Writer Rich Benjamin took to the New York Times opinion pages this past weekend to declare that he is “boycotting all heterosexual weddings,” even though he is “not a gay-rights activist.” (Why not?) In response to a suspiciously pat-sounding phone call from a newly engaged former college roommate, Benjamin wrote:
How utterly absurd to celebrate an institution that I am banned from in most of the country. It puzzles me, truth be told, that wedding invitations deluge me. Does a vegan frequent summer pig roasts? Do devout evangelicals crash couple-swapping parties? Do undocumented immigrants march in Minuteman rallies?
Maybe if Benjamin were a gay-rights activist, he’d recognize the problem with comparing homosexuality to a self-chosen ideological identity like veganism. It’s an old problem, and sort of an important one, especially on the subject of same-sex marriage.
Even well-meaning heterosexuals often describe their own nuptials in deeply personal terms, above and beyond politics, but tend to dismiss same-sex marriage as a political cause, and gay people’s desire to marry as political maneuvering.

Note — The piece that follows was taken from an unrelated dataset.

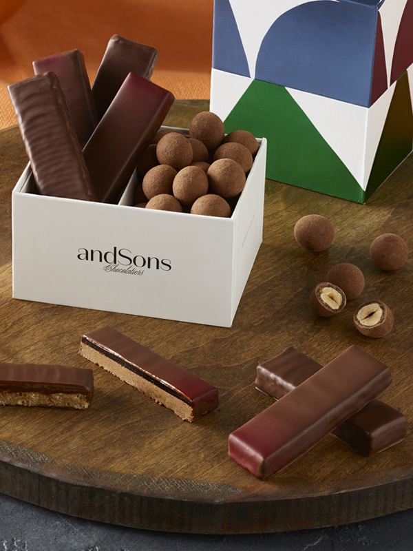 Our reimagining of the classic Fig Newton features a honey-sweet jam made with 2 types of figs from Country Rhodes Family Farm (Central California) which we layer over a hazelnut almond sablé and enrobe in dark chocolate.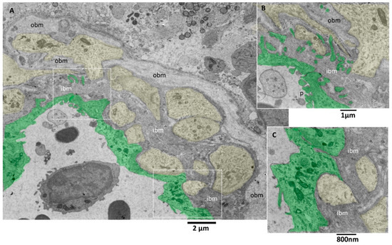 TEM, Glioblastoma small vessel wall. (A) Panoramic view of the vessel wall; note that a lymphocyte is visible in the lumen’s endothelial cells (green). The vessel basement membrane appears thickened, divided into two layers (inner basement membrane, ibm; outer basement membrane, obm), and penetrated by foot processes of astrocytes (yellow). (B) Endothelial cells (green) present cauliflower-like projections on their luminal surface (p), whereas the basal surface expresses long and deep finger-like projections (arrowheads) that penetrate the basement membrane to reach the astrocytes foot processes (yellow). (C) Astrocytes’ foot processes (yellow) appear separated by the endothelial cells (green) by an excellent layer of ibm fibers.

What many straight people consistently forget is that same-sex couples aren’t demanding marriage to make a political statement or to accrue “special rights.” When I ask my gay friends why they wish to marry, they don’t mention tax benefits. They seek marriage for the same personal reasons that straight people do: to share life’s triumphs and trials with their beloved, to start a family, to have the ability to protect that family, and to celebrate their loving commitment with a wedding.
This is not even a straw man; it’s some loose straw the writer is throwing in the air while yelling “Look at that man!” Who are these many straight people Benjamin claims to be describing? That same-sex couples want to marry for love, rather than as a political statement, is a commonplace among straight liberals. (Oddly enough, they, too, have gay friends they can talk to.)

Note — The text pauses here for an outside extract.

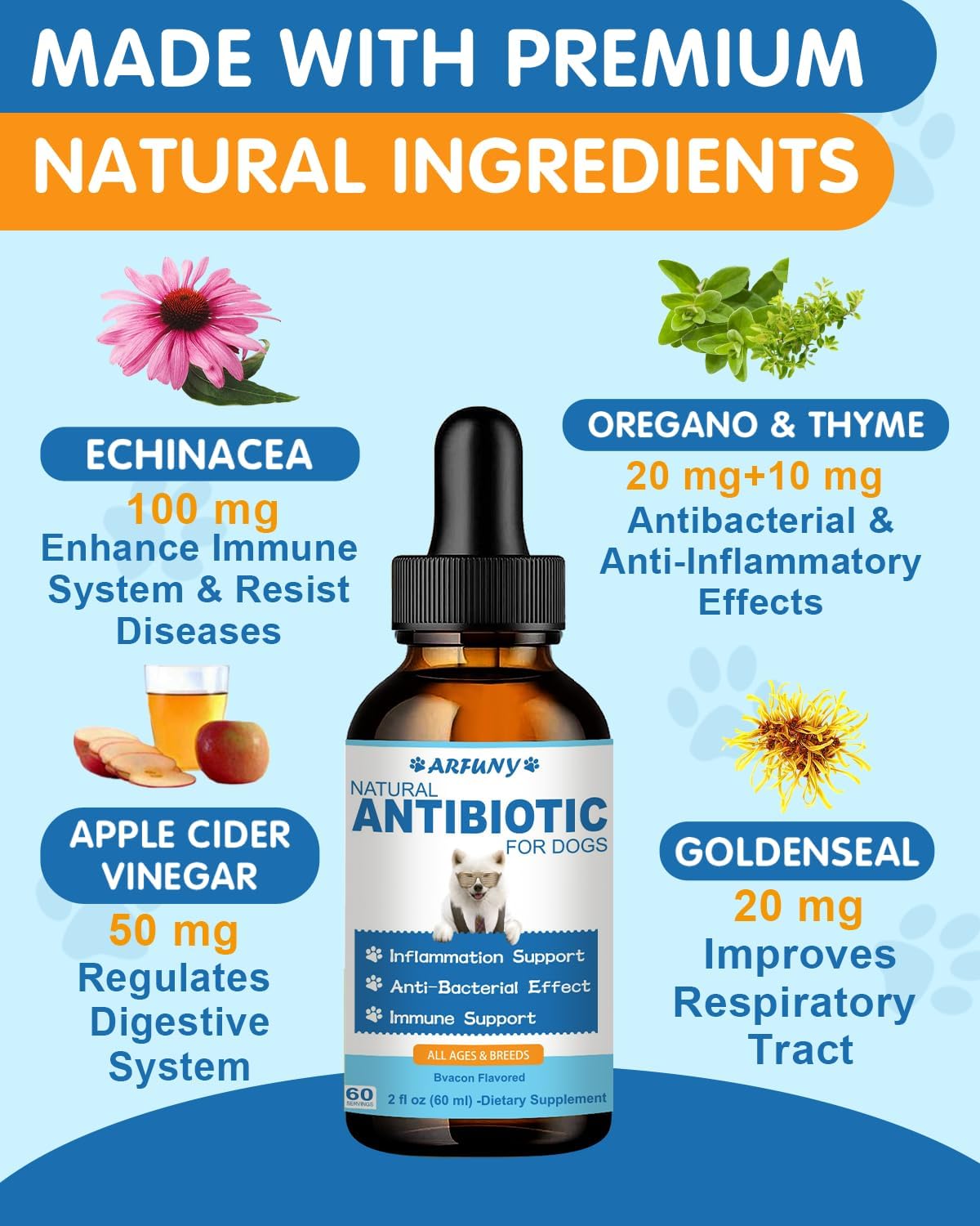 【Premium Ingredients】The natural active ingredients in this pet antibiotics for dogs include echinacea, goldenseal, and oregano. This unique blend of ingredients is designed to provide comprehensive support for your dog’s health, enhance the immune system, promote digestive wellness, combat infections, and support overall vitality in your furry friend.

This coming September will mark nine years since the Times itself—as good a proxy for well-meaning heterosexuals as anyone could hope to find—changed “Weddings” to “Weddings/Celebrations” and started printing same-sex couples’ announcements. At the time, executive editor Howell Raines said that same-sex commitment ceremonies were “celebrations important to many of our readers, their families and their friends.” The Times also wrote that same-sex couples’ applications for published announcements would be judged the same way male-female couples were, by “the newsworthiness and accomplishments of the couples and their families.”
Gay marriage is winning, in concept. Even Focus on the Family president CEO Jim Daly just said so, in an interview with Marvin Olasky:
We’re losing on that one, especially among the 20- and 30-somethings: 65 to 70 percent of them favor same-sex marriage. I don’t know if that’s going to change with a little more age—demographers would say probably not. We’ve probably lost that.

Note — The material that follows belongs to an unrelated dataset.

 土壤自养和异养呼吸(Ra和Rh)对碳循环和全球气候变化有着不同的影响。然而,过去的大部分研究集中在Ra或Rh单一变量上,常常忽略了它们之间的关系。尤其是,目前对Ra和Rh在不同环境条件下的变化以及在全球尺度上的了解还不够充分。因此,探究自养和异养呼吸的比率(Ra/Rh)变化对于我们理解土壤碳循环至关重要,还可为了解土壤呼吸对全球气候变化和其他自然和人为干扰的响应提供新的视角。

So what is the point of this weird little time capsule of unfocused grievance? If you want to blame heterosexuals for something, don’t blame them for not believing in homosexual love. Blame them for not doing enough to support it.
There’s no sense in pretending that the arc of justice bends anywhere but toward two groom figurines on a wedding cake. The question is why the arc is still so long. The good opinion of well-meaning people has not yet repealed the Defense of Marriage Act, or gotten 41 states to drop their bans on gay marriage.
Instead of a blanket boycott, try asking your straight friend if he’ll have the wedding in Massachusetts, New Hampshire, Connecticut, Washington D.C., Vermont, or Iowa. Some of those places are lovely in June. Go, bring a date, dance. See how many people assume you’re doing it to lobby for a tax break. Why be more unreasonable than the law is?